Khaos

Sharing What You Know

I once hit a problem whilst developing that meant I could do no productive work for five days. Five days may not seem like a long time but when you only have 13 days to complete an iteration it feels like a lifetime. I was working with a new product and no one on my team had encountered the problem before and I found it very difficult to get support from the vendor who also hadn’t encountered the problem. I don’t remember how I fixed this but I remember how annoyed I was a few weeks later when I discovered that someone else in the company had previously solved the same problem. It turned out that there were three different teams all learning to use the same technology at the same time!

When I spoke to my boss about this communication problem he told me that although the company talked about knowledge sharing from time to time they had never been able to come up with a way to make this work.
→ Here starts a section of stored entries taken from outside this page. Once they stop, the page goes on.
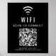 Modern and simple black poster sign to allow your customers, clients or guests to easily connect to your wifi network. Upload your wifi's QR code and add any other details, such as the network's name and password in modern white typography. Perfect for business offices, hotels, vacation rental properties, etc.
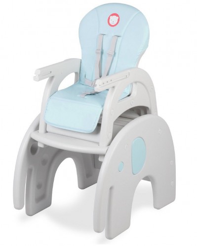 Лионело Эли- стул трансформер, может функционировать как в качестве высокого стула для кормления и комбинации стул + стол. Предназначено для детей в возрасте от 6 месяцев до 6 лет., стул меняется и растет вместе с вашим ребенком. Стол выполнен в виде слоника, приятная цветовая гамма Характеристики Lionelo Eli
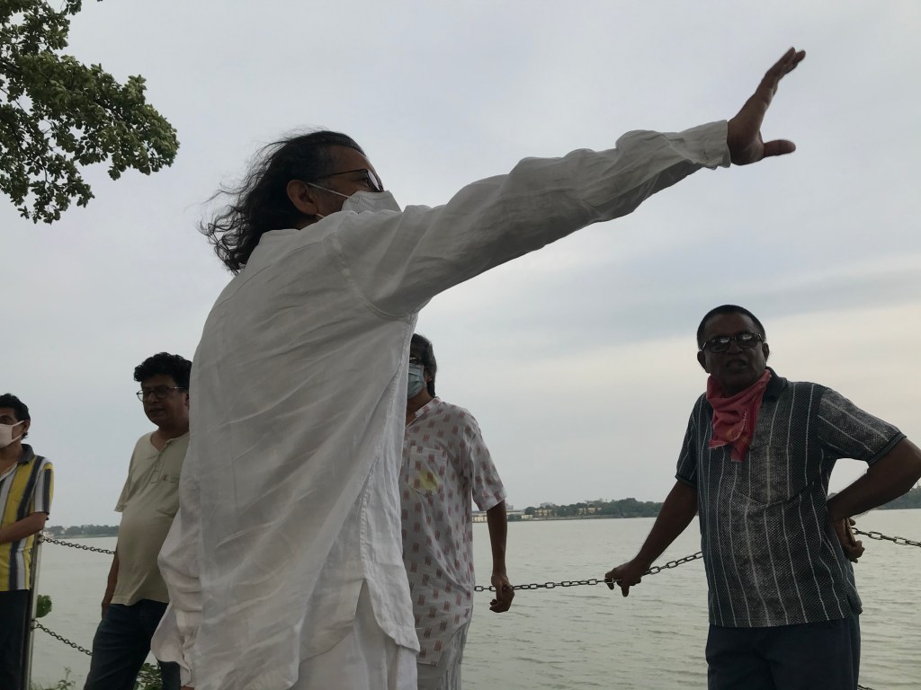 His eldest sister passed away on 13th May at Hindmotor. We got the news around 9:30 in the morning. She was very dear to him and was unwell since the last few years. G paid for her hospitalisation and care before she passed. He called his youngest brother immediately to arrange for a car. Uber and other cabs were off the road because of the lockdown. He got cash, got dressed, we ate early lunch and were ready to leave. His youngest brother arranged a car from his doctor friend for us. We took just 40 minutes to reach Hindmotor. Roads were empty. Her body was on a bed in a small room packed with people. He held the sheet along with five other people and brought the body down to be put inside the hearse. We walked to the cremation ground just five minutes from there by the bank of Ganges, a beautiful place. There were some old friends of his too.Then he and his brothers took her up to the incinerator. In 15 mins all that was left of her was a handful of ash. For the first time, I felt death had nothing to do with sorrow or loss. His brothers and sisters carried out the rituals without any drama or emotional exhibition. G was just normal, didn’t come in the way of any rituals, let everything happen as his family wanted. We went back briefly to his ancestral house and then left for Kolkata. He then had the idea of making a slideshow of her photos with him singing Madhuro madhoro dhwani baje, a Tagore song in the background. Venky worked hard and created a delightful piece.

I contacted the leaders of the other teams and pointed out that we were all busy struggling with the same things. We were all in agreement that we could benefit from each others mistakes and successes. However, no one could think of a sensible way to pass on the knowledge. All the suggestions we had involved writing documentation and no one had any time in their budget to write these documents. From past experience they also knew that the team members would resent having to write them and that no one would bother to read them.

I left the company not long after this and went away with the impression that knowledge sharing, whilst being a nice idea, didn’t really work in practice.
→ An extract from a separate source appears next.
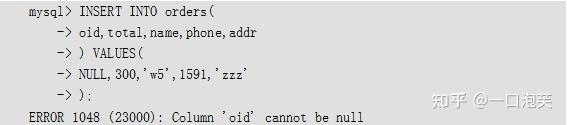 从以上执行结果可以看出,当oid的值不重复时插入成功。另外,主键的值不能为NULL,此处继续验证,向表中插入一条数据,将oid设置为NULL。
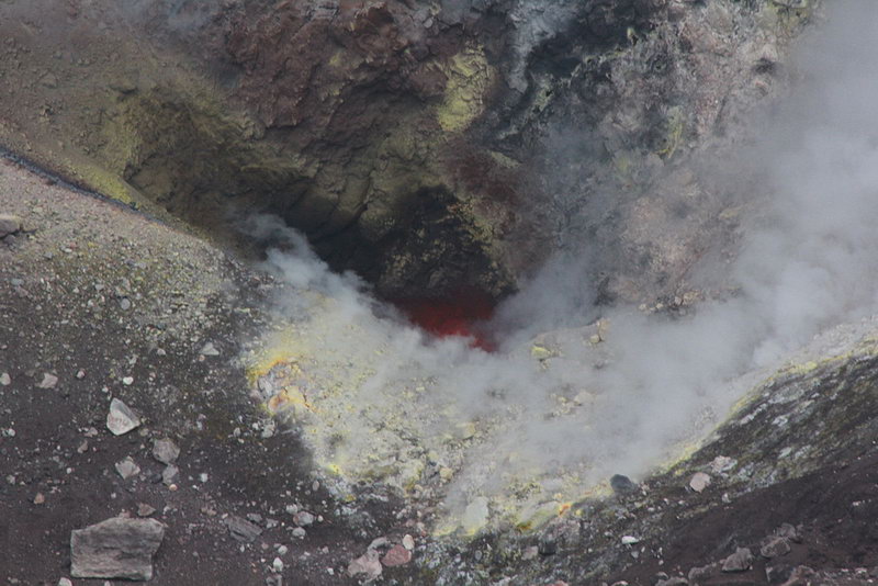 Запахи, когда ветер дует в нашу сторону, тоже не особо хорошо переносятся. От серы режет глаза. А где-то внизу в самом жерле вулкана виднеется что-то красное постоянно меняющее форму – магма.

Tonight I was reading Nancy M. Dixon’s book Common Knowledge in which she discusses the pleasure we feel when we pass useful knowledge to other people.

The truth is that if we know something that we think someone else needs to know, it is difficult for us to refrain from telling them. It is almost a natural impulse to tell others what we know.
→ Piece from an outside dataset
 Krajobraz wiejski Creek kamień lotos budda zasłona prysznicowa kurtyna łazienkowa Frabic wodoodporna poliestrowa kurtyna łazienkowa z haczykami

So why couldn’t we get people to share knowledge? Well it appears that one reason for this was that we tried to get people to write about their experiences instead of talking face to face. It seems that part of our willingness to share information is to do with the personal benefit we will receive from doing so – even if the benefit is nothing more than a smile or a thank you.

If we want people in our organisations to share what they have learned, we would be wise to create the conditions in which sharing results is of personal benefit

Instead of dreaming up document sharing systems to solve the problem we probably should all have met for pizza once a week and the knowledge would have flowed naturally.